■ **Exercise**: In the entries that follow, copy exactly each line from the first through the line with "김태년 더불어민주당 원내대표가".

========================

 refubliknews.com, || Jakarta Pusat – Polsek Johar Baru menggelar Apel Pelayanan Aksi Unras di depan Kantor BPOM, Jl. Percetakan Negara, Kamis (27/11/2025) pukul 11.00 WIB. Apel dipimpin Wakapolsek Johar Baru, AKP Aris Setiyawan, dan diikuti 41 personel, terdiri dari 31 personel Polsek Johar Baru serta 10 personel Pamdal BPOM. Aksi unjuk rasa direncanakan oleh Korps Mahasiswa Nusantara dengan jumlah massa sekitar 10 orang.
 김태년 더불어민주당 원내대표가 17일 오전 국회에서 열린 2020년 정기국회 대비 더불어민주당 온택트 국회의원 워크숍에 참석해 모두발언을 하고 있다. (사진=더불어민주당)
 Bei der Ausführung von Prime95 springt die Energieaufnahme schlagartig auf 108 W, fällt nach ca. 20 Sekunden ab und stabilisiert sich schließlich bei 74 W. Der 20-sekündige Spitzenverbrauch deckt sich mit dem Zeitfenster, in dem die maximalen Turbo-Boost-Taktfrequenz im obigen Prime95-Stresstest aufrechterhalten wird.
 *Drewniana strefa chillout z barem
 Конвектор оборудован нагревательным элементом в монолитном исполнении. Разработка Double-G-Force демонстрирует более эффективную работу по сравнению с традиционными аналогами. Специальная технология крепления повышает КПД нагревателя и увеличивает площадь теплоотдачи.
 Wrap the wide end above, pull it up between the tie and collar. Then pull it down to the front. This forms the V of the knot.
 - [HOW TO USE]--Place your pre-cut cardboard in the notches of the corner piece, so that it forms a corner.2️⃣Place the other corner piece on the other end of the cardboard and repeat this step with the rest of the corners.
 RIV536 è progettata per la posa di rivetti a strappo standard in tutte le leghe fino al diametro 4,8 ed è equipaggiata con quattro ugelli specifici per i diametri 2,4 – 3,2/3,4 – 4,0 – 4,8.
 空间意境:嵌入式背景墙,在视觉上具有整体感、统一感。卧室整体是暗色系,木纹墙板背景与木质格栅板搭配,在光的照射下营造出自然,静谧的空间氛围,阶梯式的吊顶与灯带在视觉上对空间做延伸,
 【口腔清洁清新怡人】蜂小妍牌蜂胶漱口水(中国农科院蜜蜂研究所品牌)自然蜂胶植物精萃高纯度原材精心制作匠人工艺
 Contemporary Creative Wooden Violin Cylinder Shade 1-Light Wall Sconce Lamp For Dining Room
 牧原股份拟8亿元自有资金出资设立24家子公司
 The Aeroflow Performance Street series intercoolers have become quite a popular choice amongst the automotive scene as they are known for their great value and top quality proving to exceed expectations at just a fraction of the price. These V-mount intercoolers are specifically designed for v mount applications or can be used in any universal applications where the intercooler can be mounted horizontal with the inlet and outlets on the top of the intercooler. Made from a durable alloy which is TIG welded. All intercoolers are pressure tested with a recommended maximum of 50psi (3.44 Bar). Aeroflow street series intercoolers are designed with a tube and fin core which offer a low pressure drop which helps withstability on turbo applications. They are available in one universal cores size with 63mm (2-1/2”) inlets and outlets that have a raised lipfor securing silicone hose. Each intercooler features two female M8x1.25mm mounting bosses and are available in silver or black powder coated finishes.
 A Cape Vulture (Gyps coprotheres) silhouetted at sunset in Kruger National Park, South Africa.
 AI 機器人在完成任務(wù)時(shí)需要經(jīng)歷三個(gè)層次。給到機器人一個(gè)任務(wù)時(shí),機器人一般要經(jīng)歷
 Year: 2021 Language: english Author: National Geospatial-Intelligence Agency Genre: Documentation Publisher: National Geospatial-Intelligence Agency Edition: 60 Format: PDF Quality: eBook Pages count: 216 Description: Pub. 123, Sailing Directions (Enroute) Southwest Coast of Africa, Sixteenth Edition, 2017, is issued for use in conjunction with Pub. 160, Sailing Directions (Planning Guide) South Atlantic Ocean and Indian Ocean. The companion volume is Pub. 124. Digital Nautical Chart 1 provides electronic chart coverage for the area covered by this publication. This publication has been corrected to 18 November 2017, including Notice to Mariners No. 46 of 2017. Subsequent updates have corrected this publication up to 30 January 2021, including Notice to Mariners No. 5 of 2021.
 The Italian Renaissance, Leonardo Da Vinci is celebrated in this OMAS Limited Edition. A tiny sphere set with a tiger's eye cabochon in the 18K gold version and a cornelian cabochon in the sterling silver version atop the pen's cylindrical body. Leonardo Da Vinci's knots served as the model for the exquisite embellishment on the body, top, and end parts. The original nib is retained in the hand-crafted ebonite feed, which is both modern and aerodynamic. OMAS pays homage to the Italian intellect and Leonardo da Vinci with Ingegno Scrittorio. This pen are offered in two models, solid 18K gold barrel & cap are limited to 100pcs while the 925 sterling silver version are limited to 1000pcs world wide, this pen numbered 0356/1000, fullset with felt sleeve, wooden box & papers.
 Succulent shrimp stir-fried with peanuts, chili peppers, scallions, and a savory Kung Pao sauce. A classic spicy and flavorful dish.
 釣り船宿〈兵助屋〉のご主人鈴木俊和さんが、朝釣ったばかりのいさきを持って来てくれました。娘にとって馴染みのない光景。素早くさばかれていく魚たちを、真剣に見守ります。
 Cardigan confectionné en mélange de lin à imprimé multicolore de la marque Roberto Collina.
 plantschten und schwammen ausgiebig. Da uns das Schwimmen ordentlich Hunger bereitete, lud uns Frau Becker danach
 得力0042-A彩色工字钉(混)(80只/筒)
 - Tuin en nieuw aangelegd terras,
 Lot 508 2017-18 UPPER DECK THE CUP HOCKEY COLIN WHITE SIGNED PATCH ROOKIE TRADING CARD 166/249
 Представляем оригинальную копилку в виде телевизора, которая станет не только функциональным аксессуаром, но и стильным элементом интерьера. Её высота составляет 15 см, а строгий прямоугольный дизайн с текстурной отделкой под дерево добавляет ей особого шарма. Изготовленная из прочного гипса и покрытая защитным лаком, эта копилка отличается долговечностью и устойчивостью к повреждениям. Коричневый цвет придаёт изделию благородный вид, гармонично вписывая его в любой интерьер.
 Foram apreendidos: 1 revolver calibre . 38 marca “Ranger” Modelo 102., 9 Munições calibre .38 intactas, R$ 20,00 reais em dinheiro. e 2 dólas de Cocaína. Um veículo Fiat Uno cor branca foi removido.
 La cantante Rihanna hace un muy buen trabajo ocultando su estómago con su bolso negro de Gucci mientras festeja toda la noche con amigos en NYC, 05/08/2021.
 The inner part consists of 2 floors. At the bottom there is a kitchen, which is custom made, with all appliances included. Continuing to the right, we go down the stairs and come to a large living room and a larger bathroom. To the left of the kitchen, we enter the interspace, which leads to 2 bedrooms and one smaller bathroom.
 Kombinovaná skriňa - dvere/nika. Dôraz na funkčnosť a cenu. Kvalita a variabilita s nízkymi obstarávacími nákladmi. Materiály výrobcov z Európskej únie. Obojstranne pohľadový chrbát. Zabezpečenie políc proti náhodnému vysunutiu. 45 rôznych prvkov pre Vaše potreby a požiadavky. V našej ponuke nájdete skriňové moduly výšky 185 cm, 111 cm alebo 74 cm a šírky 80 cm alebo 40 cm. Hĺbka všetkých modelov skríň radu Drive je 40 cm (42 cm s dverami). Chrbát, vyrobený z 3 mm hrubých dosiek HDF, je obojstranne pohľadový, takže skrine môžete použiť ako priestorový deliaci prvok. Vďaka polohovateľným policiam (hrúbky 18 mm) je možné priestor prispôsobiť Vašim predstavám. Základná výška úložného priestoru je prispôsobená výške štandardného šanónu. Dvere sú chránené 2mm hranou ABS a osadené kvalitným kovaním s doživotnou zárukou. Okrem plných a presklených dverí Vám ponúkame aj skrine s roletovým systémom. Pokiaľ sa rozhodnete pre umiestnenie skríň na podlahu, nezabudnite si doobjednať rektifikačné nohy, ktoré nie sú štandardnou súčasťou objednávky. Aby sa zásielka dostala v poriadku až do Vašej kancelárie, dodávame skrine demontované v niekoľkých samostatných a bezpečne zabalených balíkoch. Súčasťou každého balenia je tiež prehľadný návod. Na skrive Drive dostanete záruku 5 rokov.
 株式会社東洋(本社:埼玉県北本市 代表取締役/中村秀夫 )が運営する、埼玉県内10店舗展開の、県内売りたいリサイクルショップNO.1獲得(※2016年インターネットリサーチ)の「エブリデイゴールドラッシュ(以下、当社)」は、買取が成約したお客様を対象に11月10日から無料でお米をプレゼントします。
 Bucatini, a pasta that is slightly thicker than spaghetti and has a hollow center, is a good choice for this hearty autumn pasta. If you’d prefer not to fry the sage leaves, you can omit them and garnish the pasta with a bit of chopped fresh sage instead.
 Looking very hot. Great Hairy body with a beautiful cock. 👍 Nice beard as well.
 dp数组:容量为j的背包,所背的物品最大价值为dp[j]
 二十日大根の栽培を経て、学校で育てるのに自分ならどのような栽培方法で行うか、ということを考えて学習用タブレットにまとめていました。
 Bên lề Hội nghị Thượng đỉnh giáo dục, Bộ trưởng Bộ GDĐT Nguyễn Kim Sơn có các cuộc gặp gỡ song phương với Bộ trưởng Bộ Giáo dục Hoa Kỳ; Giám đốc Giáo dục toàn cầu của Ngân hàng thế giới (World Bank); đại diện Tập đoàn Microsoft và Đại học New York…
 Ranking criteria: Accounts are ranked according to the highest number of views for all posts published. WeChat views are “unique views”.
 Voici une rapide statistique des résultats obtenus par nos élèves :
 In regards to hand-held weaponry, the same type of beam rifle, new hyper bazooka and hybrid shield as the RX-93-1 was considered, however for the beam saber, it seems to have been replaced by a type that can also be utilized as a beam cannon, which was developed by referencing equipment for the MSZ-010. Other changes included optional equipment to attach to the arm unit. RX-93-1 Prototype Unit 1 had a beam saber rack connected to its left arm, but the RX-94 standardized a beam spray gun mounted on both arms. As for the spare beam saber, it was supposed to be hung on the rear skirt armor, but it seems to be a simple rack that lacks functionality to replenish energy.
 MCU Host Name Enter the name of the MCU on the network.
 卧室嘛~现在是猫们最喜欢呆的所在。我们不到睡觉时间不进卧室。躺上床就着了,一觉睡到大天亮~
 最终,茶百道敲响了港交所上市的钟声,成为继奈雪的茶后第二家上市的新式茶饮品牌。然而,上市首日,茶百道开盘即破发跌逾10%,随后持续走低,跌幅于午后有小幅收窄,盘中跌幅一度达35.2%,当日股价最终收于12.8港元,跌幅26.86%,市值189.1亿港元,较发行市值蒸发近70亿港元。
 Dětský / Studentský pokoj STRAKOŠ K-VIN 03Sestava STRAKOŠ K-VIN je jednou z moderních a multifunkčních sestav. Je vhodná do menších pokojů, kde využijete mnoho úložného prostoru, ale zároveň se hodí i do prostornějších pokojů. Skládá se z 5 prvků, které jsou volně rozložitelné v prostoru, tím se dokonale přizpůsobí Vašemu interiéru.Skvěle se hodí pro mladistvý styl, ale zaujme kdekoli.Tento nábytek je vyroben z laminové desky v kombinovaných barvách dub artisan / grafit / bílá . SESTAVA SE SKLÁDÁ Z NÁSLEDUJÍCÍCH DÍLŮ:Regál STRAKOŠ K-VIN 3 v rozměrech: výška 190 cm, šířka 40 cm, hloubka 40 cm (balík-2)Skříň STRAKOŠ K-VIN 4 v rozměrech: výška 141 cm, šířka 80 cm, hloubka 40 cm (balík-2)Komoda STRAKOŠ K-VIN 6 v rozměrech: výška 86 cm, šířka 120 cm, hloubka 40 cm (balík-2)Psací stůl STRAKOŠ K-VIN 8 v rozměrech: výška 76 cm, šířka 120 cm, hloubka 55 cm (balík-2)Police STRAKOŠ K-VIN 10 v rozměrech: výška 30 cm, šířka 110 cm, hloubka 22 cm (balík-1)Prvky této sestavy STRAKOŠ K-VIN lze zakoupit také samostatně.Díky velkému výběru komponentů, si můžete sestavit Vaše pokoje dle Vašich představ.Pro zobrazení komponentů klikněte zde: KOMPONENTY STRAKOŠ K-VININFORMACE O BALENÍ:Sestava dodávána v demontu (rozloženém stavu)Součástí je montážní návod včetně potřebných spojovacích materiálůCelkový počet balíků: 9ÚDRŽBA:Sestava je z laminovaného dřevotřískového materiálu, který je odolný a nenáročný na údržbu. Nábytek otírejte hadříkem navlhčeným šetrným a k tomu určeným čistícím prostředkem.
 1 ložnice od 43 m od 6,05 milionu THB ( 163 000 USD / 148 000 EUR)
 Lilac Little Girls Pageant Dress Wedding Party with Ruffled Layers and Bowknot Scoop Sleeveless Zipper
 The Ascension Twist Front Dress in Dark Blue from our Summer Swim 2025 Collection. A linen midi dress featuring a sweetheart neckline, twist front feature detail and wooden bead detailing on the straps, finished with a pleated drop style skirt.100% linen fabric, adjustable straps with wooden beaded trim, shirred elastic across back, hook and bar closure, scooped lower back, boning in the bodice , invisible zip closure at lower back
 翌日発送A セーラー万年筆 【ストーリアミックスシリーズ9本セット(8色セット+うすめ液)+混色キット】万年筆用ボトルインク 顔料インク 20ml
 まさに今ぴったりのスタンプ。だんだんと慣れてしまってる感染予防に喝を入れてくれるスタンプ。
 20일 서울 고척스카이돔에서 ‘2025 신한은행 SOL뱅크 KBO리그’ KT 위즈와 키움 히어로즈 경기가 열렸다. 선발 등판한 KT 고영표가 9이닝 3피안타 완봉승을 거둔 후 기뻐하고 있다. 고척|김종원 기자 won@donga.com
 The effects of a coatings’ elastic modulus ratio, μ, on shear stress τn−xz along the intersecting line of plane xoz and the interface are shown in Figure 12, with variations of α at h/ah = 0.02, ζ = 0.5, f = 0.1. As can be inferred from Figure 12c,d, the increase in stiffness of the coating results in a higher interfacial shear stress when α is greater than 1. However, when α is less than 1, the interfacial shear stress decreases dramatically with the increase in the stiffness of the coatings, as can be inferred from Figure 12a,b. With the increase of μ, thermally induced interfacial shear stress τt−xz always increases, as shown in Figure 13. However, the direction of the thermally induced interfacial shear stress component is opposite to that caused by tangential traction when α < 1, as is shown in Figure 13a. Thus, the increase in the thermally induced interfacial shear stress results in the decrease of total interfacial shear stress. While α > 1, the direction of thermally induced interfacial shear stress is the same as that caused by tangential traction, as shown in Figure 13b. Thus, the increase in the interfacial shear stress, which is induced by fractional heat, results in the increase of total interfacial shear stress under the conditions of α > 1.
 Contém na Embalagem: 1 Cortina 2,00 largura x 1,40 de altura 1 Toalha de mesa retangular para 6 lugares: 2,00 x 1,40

========================

■ **Finished task**:
 refubliknews.com, || Jakarta Pusat – Polsek Johar Baru menggelar Apel Pelayanan Aksi Unras di depan Kantor BPOM, Jl. Percetakan Negara, Kamis (27/11/2025) pukul 11.00 WIB. Apel dipimpin Wakapolsek Johar Baru, AKP Aris Setiyawan, dan diikuti 41 personel, terdiri dari 31 personel Polsek Johar Baru serta 10 personel Pamdal BPOM. Aksi unjuk rasa direncanakan oleh Korps Mahasiswa Nusantara dengan jumlah massa sekitar 10 orang.
 김태년 더불어민주당 원내대표가 17일 오전 국회에서 열린 2020년 정기국회 대비 더불어민주당 온택트 국회의원 워크숍에 참석해 모두발언을 하고 있다. (사진=더불어민주당)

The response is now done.